Once I got inside I saw that Fonseca had put together what was clearly a practice set. Even then it was much better than anything I had played on in college or at my friend’s place. I learned later that his mother-in-law lived in the US from where she sent him drum equipment. He made a living by renting out the equipment for rock shows. This drum kit set up for my class was put together from bits and pieces that people would not want to hire at the rate of a few thousand rupees per show. But they were good enough to provide what seemed to me to be a tight, crisp sound, a distinct contrast from the bucket and stainless steel sound of the sets I had played on; they were good enough to make me feel like a real drummer.

That the distant mother-in-law was a dominant figure in the Fonseca household had become clear to me soon enough. “Maybe you heard of her, Anna Braganza, very famous pianist in Delhi.” I hadn’t.

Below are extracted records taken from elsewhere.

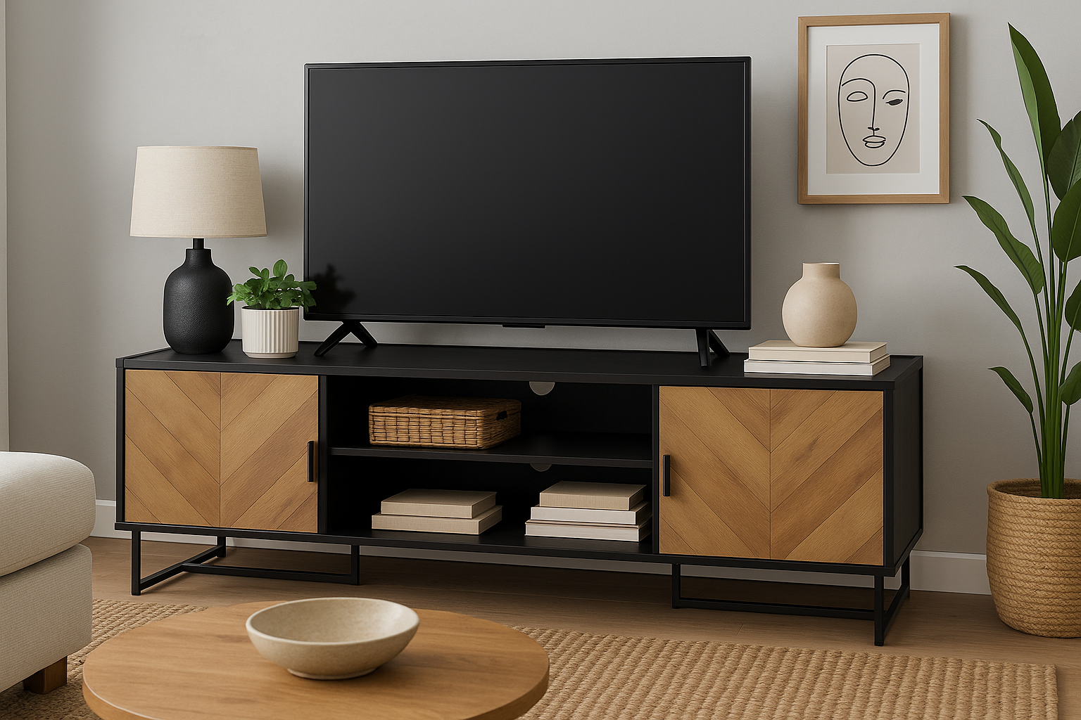 Sleek, modern, and effortlessly versatile — the Nora TV Stand brings contemporary charm and smart function to any living space. Designed with a sturdy black metal frame and warm wood-look doors featuring subtle V-groove detailing, this 72-inch console blends industrial edge with a touch of natural elegance.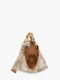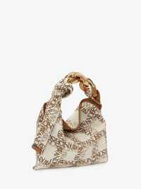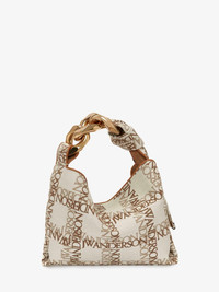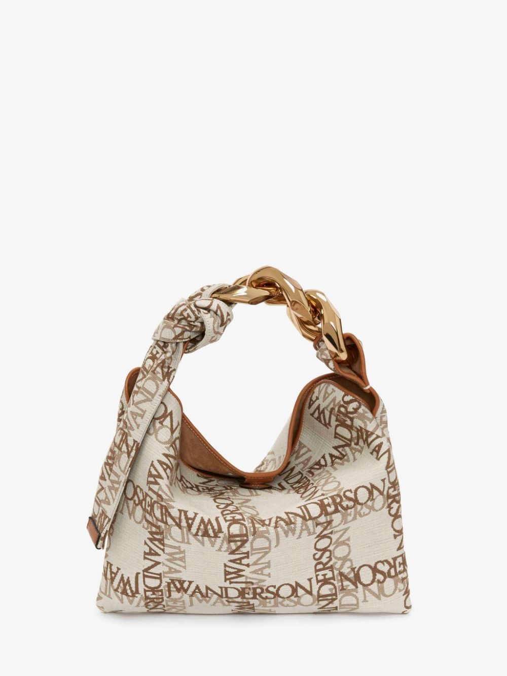 - Jacquard hobo shoulder bag - 3 large gold-tone chain links shoulder strap - Adjustable knot tie detail on one side of the chain - Magnetic closure - Suede lining - Can be worn as a shoulder or as a top handle bag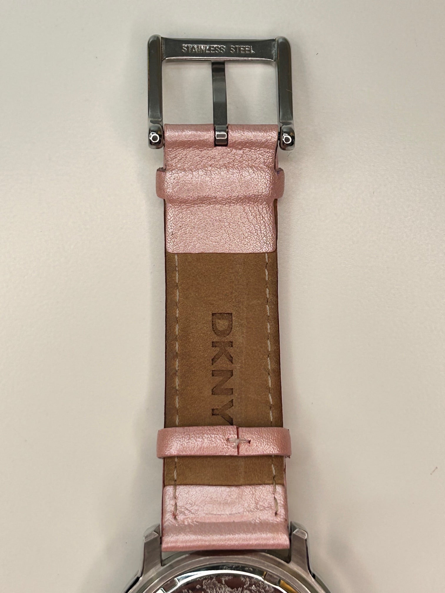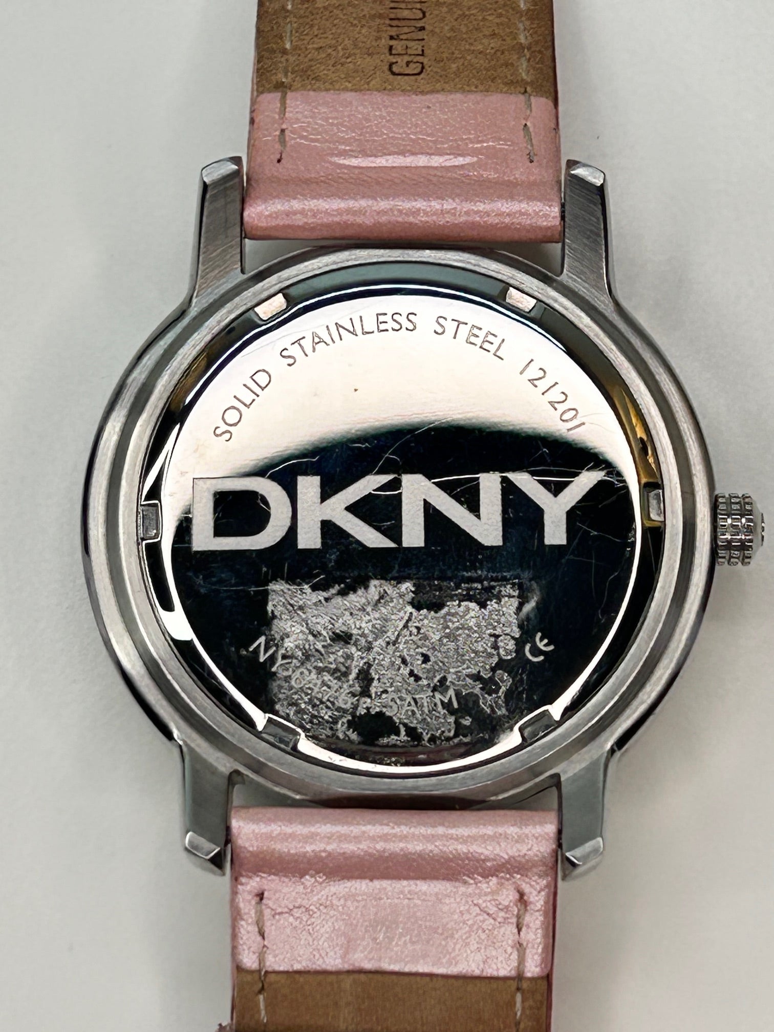 DKNY Pink Crystal Face Leather Band Water-Resistant Women's Watch Needs New Battery Not in Original Box or Package. Stainless steel casing. Price sticker residue on reverse. 100% of sale benefits charity.

The house belonged to her; the nameplate at the gate said Braganza with Paul Fonseca below it in smaller letters “It’s actually Paulo Fonseca but I said just put Paul otherwise the neighbours will think some foreigners are living here.” On one occasion she had called from America while my lesson was on. “Aman, Delzad, Paul. Granny on the phone.” They had disappeared post haste and I had heard them raise their voice to talk to her on the phone much like my own parents were to raise their voice a few years later when I would call them from Baltimore. I never had the heart to tell them that I could hear them clearly even if they spoke normally.

The mother-in-law’s daughter, Mrs Fonseca, was obviously the one in charge. She signed the receipts for the fees I paid. Kartik told me later that she conducted all negotiations for equipment rentals as well although it was Fonseca who came to the venue to help set it up. There were rumours that he was a recovered alcoholic. His health had been affected so badly people said that now he couldn’t even hold a steady beat. That was why she controlled all the money, he couldn’t be trusted with it. I found it hard to believe that his sense of time was destroyed but in the several hours I spent there I never saw him play a steady beat for more than a few bars though he often showed me bits of skill which left me breathless.

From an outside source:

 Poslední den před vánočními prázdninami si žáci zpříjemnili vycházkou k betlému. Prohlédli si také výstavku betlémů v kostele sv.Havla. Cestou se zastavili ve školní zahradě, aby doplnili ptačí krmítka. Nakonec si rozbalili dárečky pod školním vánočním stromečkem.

“See do it like this,” he’d say and show me some simple pattern. He would play it a few times and then he would speed it up, adding in more and more variations till his hands were a blur over the drumset. His wife and the boys would sometimes come into the practice room when he launched on one of these demonstrations. I would feel my face take on an expression of awe and they would all smile, both with pride at his skill and amusement at my amazement.
It was at these times that I doubted my own impression, buttressed by rumours from other sources, of his wife as a shrewish, controlling woman. When she stood by the door as he treated me to these brief flashes of brilliance I could see that she admired his talent. And the one time when I came to the house and saw her playing the piano with the tenderest of expressions on her face, I forgot all the screaming and shouting and found myself imagining her much younger and slimmer, in a satin gown rather than in her old nightie, playing the piano at someone’s wedding at the Diocesan Centre near the Gol Dak Khana church. “That Anna Braganza’s girl. So beautifully she plays the piano, no?  And such an angel she looks like. Don’t know what she sees in that no good drummer.”

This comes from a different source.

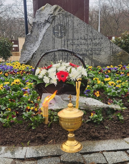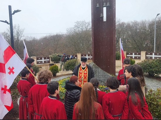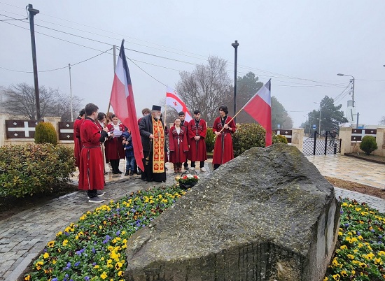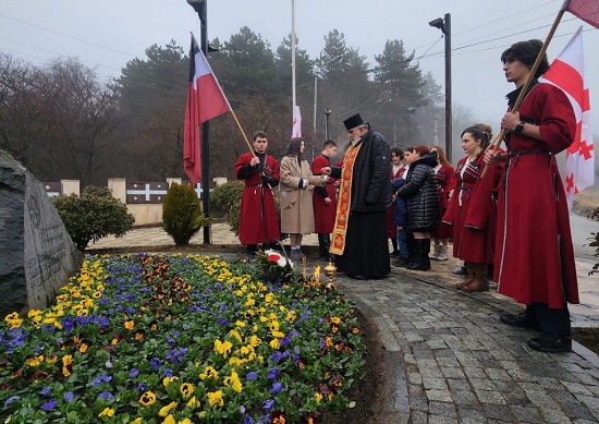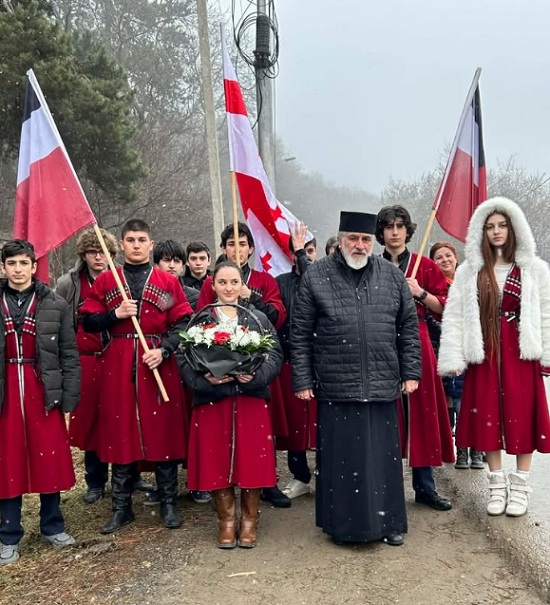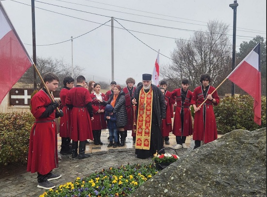 სკოლა-გიმნაზიის დირექტორმა, დეკანოზმა მირიან სამხარაძემ - სამშობლოსათვის თავგანწირული გმირების სულის მოსახსენებელი პანაშვიდი აღასრულა.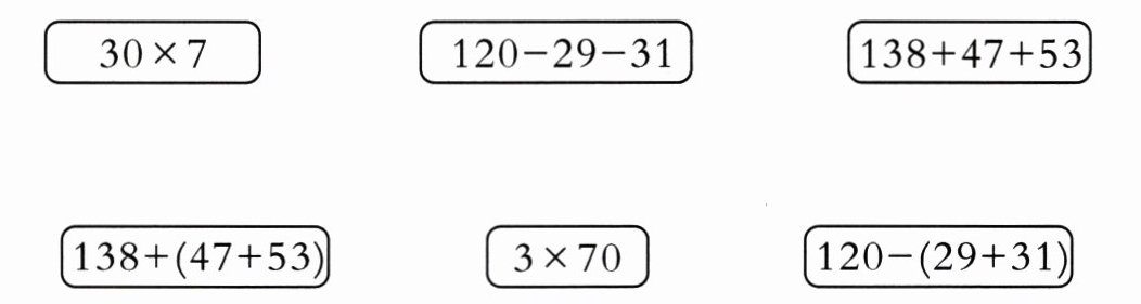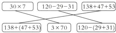 $\boxed{30×7}$ $\boxed{120 - 29 - 31}$ $\boxed{138 + 47 + 53}$

I was waiting in the living room after my first lesson. Mrs Fonseca had gone to get her receipt book. Aman came up to me. He had a broad smile on his face and his eyes were gleaming. He pointed up to the lamp. Delzad was bouncing on the sofa. There was a brown-black smudge on the wall where the moth had been. Aman gestured with his fingers like he was climbing stairs: floor to sofa, sofa to table, table to piano, splat. They were still laughing when their mother came in.

“What are you rascals up to now? ” she said.

“Nothing, mummy,” said Aman, as he went to the table, picked up his pencil and started work on his holiday homework sums.